To try and untangle the role of nature and nurture, the researchers built a model and trained it on a dataset of 3 million relatives born between 1600 and 1910 who had lived past the age of 30.
They excluded twins, individuals who died in the US Civil War, World War I and II, or in a natural disaster (inferred if relatives died within 10 days of each other).
They compared each individual’s lifespan to that of their relatives.
They found that genes explained about 16 per cent of the longevity variation seen in their data – on the low end of previous estimates which have ranged from about 15 per cent to 30 per cent.
‘The results indicate that good longevity genes can extend someone’s life by an average of five years, said Dr Erlich.
‘That’s not a lot,’ he added.
Previous studies have shown that smoking takes 10 years off of your life. That means some life choices could matter a lot more than genetics.
Significantly, the study also shows that the genes that influence longevity act independently rather than interacting with each other, a phenomenon called epistasis.
Some scientists have used epistasis to explain why large-scale genomic studies have so far failed to find the genes that encode complex traits like intelligence or longevity.
If some genetic variants act together to influence longevity, the researchers would have seen a greater correlation among closely related individuals who share more DNA, and thus more genetic interactions.
However, they found a linear link between longevity and genetic relatedness, ruling out widespread epistasis.
How did they verify their data?
In order to check that the dataset was representative of the general US population, researchers cross-checked the subset of Vermont on Geni.com with profiles against the state’s death registry.

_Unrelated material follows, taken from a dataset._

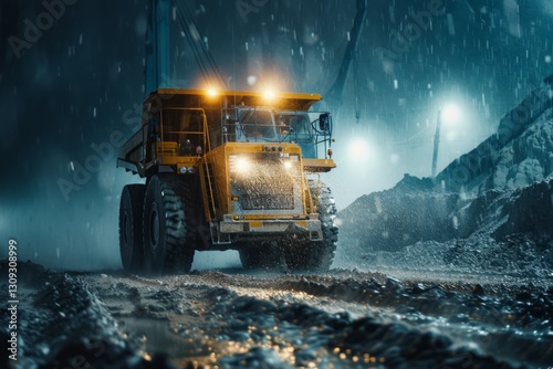 Pit mine industry, big yellow mining truck for coal anthracite in rainy mine background. Neural network ai generated

‘There is a geographical bias as most of our users are from Europe or the US so we don’t have a global view’, said Dr Kaplanis.
‘However, to test this socio-economic bias we collected death certificates from the Vermont department of health and matched those death certificates to the data in the tree’, she said.
By using social media data, researchers gave created a tree using the genetic data from 86 million publically available profile from a crowd-sourced genealogy website Geni.com. Dr. Yaniv Erlich (pictured) is the study’s senior author
Researchers also obtained every death certificate issued in the state of Vermont, which has an open policy about death certificates, from 1985 to 2000, for a total of nearly 80,000 records.
‘Through the hard work of many genealogists curious about their family history, we crowdsourced an enormous family tree and boom, came up with something unique,’ said Dr Erlich.
‘We hope that this dataset can be useful to scientists researching a range of other topics’, he said.
All of the data researchers downloaded is publicly available and people will be able to download their information onto the tree and add to the wealth of information.
All of the analysis was done on individuals who are deceased.
‘It’s an exciting moment for citizen science,’ said Melinda Mills, a demographer at University of Oxford who was not involved in the study
‘It demonstrates how millions of regular people in the form of genealogy enthusiasts can make a difference to science.’